• Aim of the exercise: From the very first line of the data to the line containing "21. Deter-Wolf A., Peres", retype everything exactly, leaving the pictures behind.

• Given information:
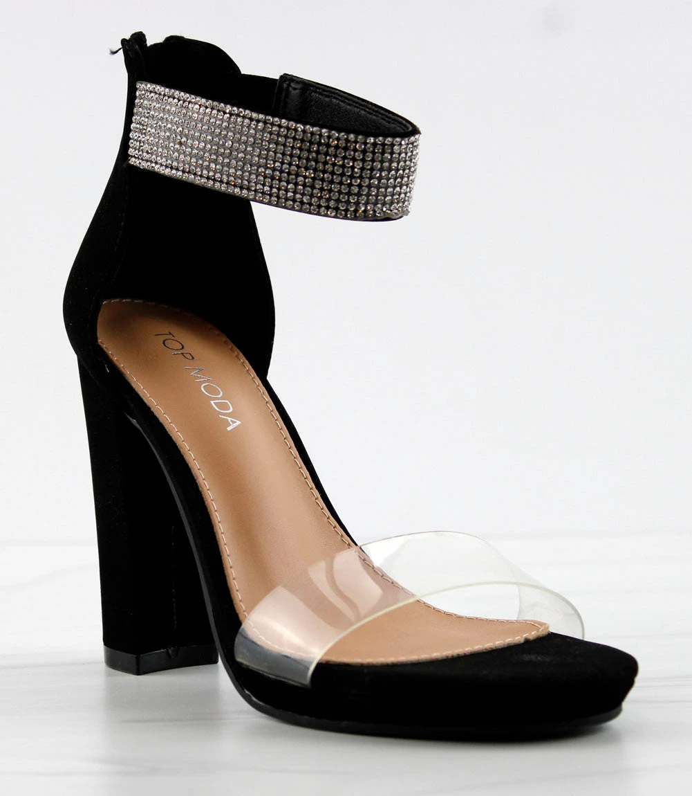 Step out in style an bling with our Choo 1 Pumps! With a lucite upper strap and rhinestone embellished ankle strap, these pumps go with just about any outfit!Â
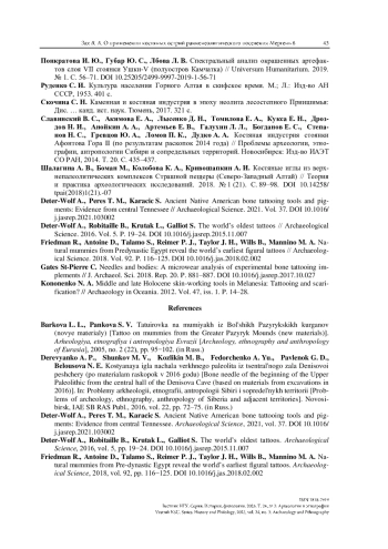 21. Deter-Wolf A., Peres T. M., Karacic S. Ancient Native American bone tattooing tools and pigments: Evidence from central Tennessee // Archaeological Science. 2021. Vol. 37. https://doi.org/10.1016/j.jasrep.2021.103002
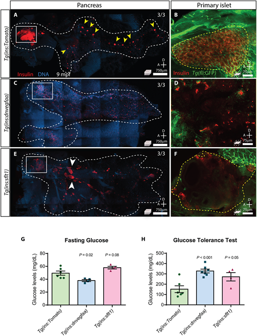 Fig. 4 β-Cell-specific expression of dnVegfaa or sFlt1 influences islet architecture and function in adult stages. (A,C,E) Whole-mount immunostaining for β-cells (insulin, red) in pancreas (white dashed outline) and intestine from 9 months postfertilization (mpf) zebrafish after CLARITY-based tissue clearing. Yellow arrowheads point to secondary islets along the pancreatic duct. White arrowheads point to sheets of β-cells along the ducts observed in Tg(ins:sflt1) animals. Maximum projection images are presented. (B,D,F) Whole-mount immunostaining for β-cells (insulin, red) and vasculature (green) in the primary pancreatic islet (magnification of white boxed areas in A,C and E, respectively). Images are single confocal planes. Yellow dashed line outlines the primary pancreatic islet. (G) Fasting blood glucose levels in adult zebrafish, measured after three days of fasting, n=4-6 animals. (H) Blood glucose levels in adult zebrafish, 90 min after intraperitoneal administration of a glucose bolus, n=4-7 animals. Data are mean±s.e.m.; individual data points are shown. P-values from t-tests are presented. A, anterior; D, dorsal.
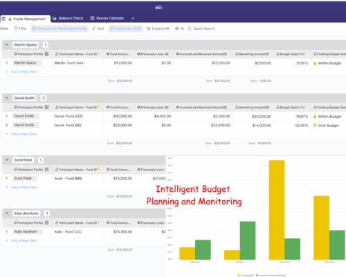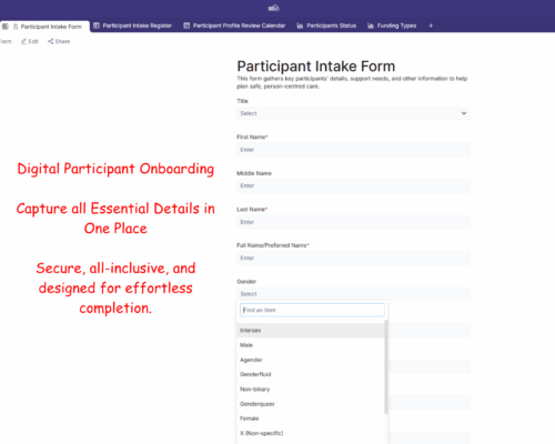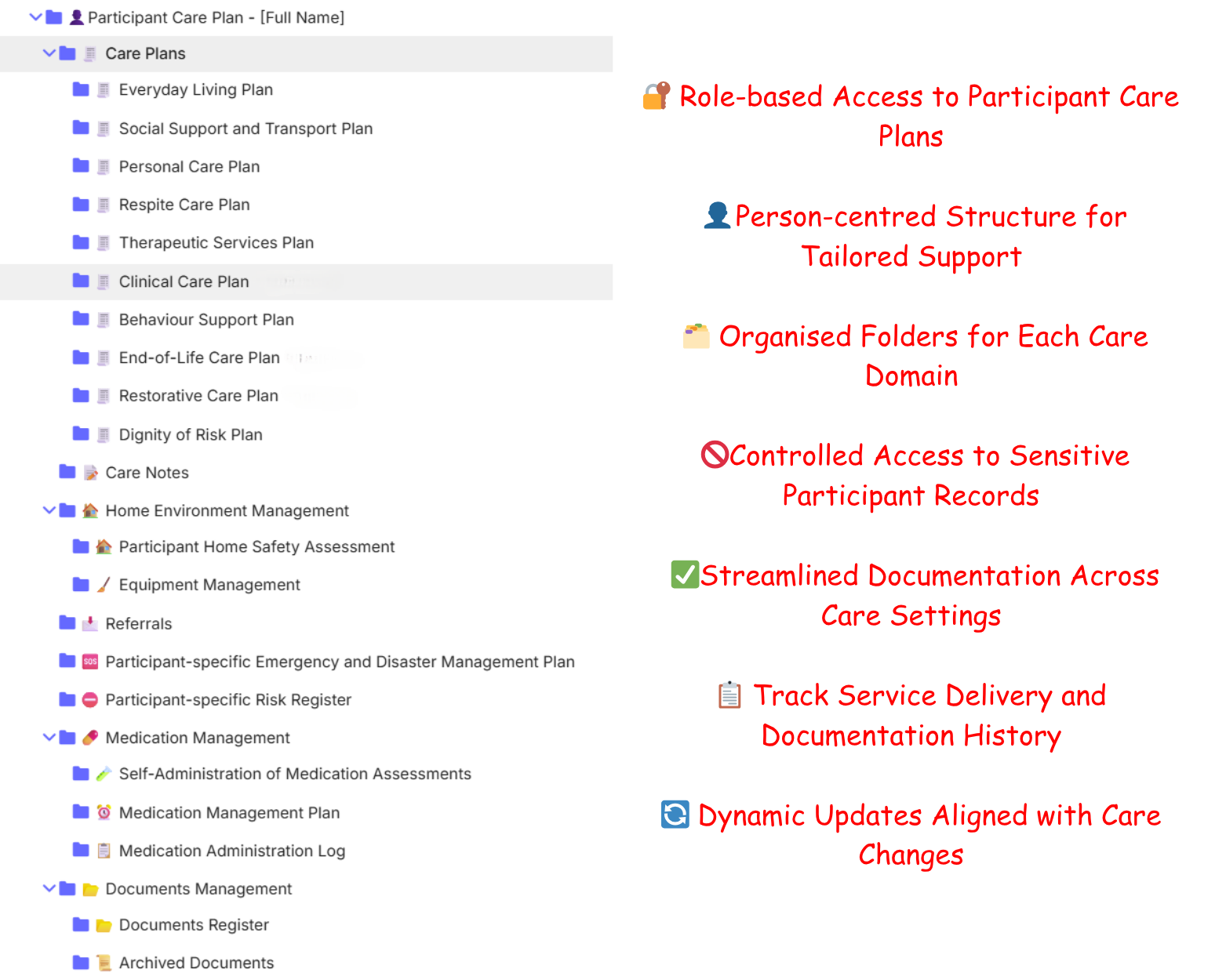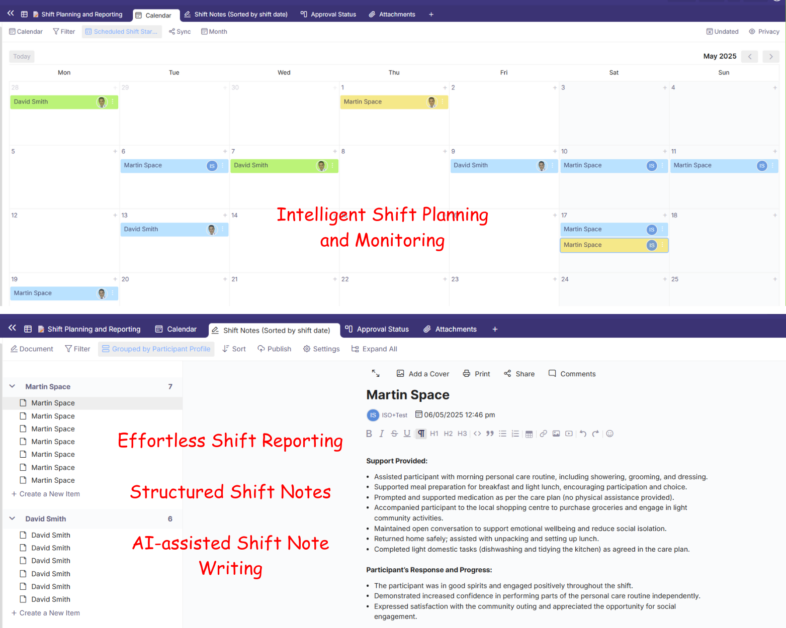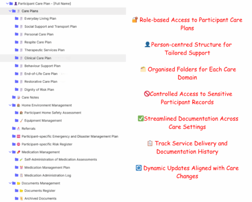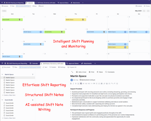 This module helps providers coordinate all aspects of participant care, from budgeting and service planning to worker availability and environmental safety, ensuring care is consistent, personalised, and aligned with participant needs and preferences.

• Result for this task:
 Step out in style an bling with our Choo 1 Pumps! With a lucite upper strap and rhinestone embellished ankle strap, these pumps go with just about any outfit!Â
 21. Deter-Wolf A., Peres T. M., Karacic S. Ancient Native American bone tattooing tools and pigments: Evidence from central Tennessee // Archaeological Science. 2021. Vol. 37. https://doi.org/10.1016/j.jasrep.2021.103002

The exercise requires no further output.